除了TF原生的 name_scope和variable_scope之外，TF Slim添加了arg_scope，这种scope允许用户在arg_scope中指定若干操作符以及一批参数，这些参数会传给这个scope下的所有操作符中。参见以下代码：

net = slim.conv2d(inputs, 64, [11, 11], 4, padding='SAME',
                  weights_initializer=tf.truncated_normal_initializer(stddev=0.01),
                  weights_regularizer=slim.l2_regularizer(0.0005), scope='conv1')
net = slim.conv2d(net, 128, [11, 11], padding='VALID',
                  weights_initializer=tf.truncated_normal_initializer(stddev=0.01),
                  weights_regularizer=slim.l2_regularizer(0.0005), scope='conv2')
net = slim.conv2d(net, 256, [11, 11], padding='SAME',
                  weights_initializer=tf.truncated_normal_initializer(stddev=0.01),
                  weights_regularizer=slim.l2_regularizer(0.0005), scope='conv3')
'''
相当于：
'''
with slim.arg_scope([slim.conv2d], padding='SAME',
                      weights_initializer=tf.truncated_normal_initializer(stddev=0.01)
                      weights_regularizer=slim.l2_regularizer(0.0005)):
    net = slim.conv2d(inputs, 64, [11, 11], scope='conv1')
    net = slim.conv2d(net, 128, [11, 11], padding='VALID', scope='conv2')
    net = slim.conv2d(net, 256, [11, 11], scope='conv3')

注意，在arg_scope中被指定的参数值，也可以在局部位置进行覆盖。比如，padding参数设置为’SAME’, 而第二个卷积层仍然可以通过把它设为’VALID’而覆盖掉arg_scope中的默认设置。
arg_scope也可以嵌套：

with slim.arg_scope([slim.conv2d, slim.fully_connected],
                      activation_fn=tf.nn.relu,
                      weights_initializer=tf.truncated_normal_initializer(stddev=0.01),
                      weights_regularizer=slim.l2_regularizer(0.0005)):
  with slim.arg_scope([slim.conv2d], stride=1, padding='SAME'):
    net = slim.conv2d(inputs, 64, [11, 11], 4, padding='VALID', scope='conv1')
    net = slim.conv2d(net, 256, [5, 5],
                      weights_initializer=tf.truncated_normal_initializer(stddev=0.03),
                      scope='conv2')
    net = slim.fully_connected(net, 1000, activation_fn=None, scope='fc')

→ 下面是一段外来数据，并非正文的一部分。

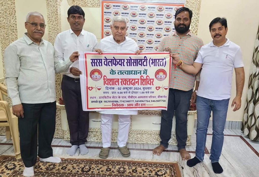विधायक ताराचंद सारस्वत ने बीकानेर स्थित निज निवास पर सरस वेलफेयर सोसायटी (भारत) के तत्वाधान में 2 अक्टूबर को आयोजित विशाल रक्तदान शिविर के पोस्टर का विमोचन किया!विधायक ताराचंद सारस्वत ने बताया की रक्तदान एक बहुत बड़ा दान है इसमें बढ़ चढ़कर अपनी भागीदारी निभानी चाहिए रक्त को दुनिया की किसी भी फैक्ट्री या मशीन से नहीं बनाया जा सकता यह केवल मानव के शरीर में ही बनता है आपका दिया हुआ रक्तदान किसी व्यक्ति की जान बचा सकता हैं इसलिए इस पुनीत कार्य में ज्यादा से ज्यादा संख्या में भाग लेने की अपील की। विशाल रक्तदान शिविर सरस वेलफेयर सोसायटी के तत्वाधान में दिनाक 2 अक्टूबर 2024 बुधवार स्थान डायबिटीज सेंटर के पास पीबीएम अस्पताल परिसर बीकानेर।
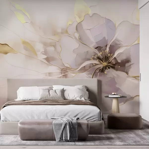 Fototapeter Blå blomst med gule detaljer i en abstrakt penselstrøk-stil Nr. w09505

在这个例子中，第一个arg_scope对处于它的scope中的conv2d和fully_connected操作层应用相同的weights_initializer andweights_regularizer参数。在第二个arg_scope中，默认参数只是在conv2d中指定。

[x] 一个例子：VGG16

def vgg16(inputs):
  with slim.arg_scope([slim.conv2d, slim.fully_connected],
                      activation_fn=tf.nn.relu,
                      weights_initializer=tf.truncated_normal_initializer(0.0, 0.01),
                      weights_regularizer=slim.l2_regularizer(0.0005)):
    net = slim.repeat(inputs, 2, slim.conv2d, 64, [3, 3], scope='conv1')
    net = slim.max_pool2d(net, [2, 2], scope='pool1')
    net = slim.repeat(net, 2, slim.conv2d, 128, [3, 3], scope='conv2')
    net = slim.max_pool2d(net, [2, 2], scope='pool2')
    net = slim.repeat(net, 3, slim.conv2d, 256, [3, 3], scope='conv3')
    net = slim.max_pool2d(net, [2, 2], scope='pool3')
    net = slim.repeat(net, 3, slim.conv2d, 512, [3, 3], scope='conv4')
    net = slim.max_pool2d(net, [2, 2], scope='pool4')
    net = slim.repeat(net, 3, slim.conv2d, 512, [3, 3], scope='conv5')
    net = slim.max_pool2d(net, [2, 2], scope='pool5')
    net = slim.fully_connected(net, 4096, scope='fc6')
    net = slim.dropout(net, 0.5, scope='dropout6')
    net = slim.fully_connected(net, 4096, scope='fc7')
    net = slim.dropout(net, 0.5, scope='dropout7')
    net = slim.fully_connected(net, 1000, activation_fn=None, scope='fc8')
  return net

4. Train Models

4.1 Losses

slim.losses.softmax_cross_entropy( )
slim.losses.sum_of_squares( )
slim.losses.get_total_loss( )

我们既可以通过相加得到total_loss，也可以通过slim.losses.get_total_loss()得到total_loss。这是怎么做到的呢？当你通过TF-Slim创建一个损失函数时，TF-Slim会把损失加入到一个特殊的Tensorflow的损失函数集合中。这样你既可以手动管理损失函数，也可以托管给TF-Slim。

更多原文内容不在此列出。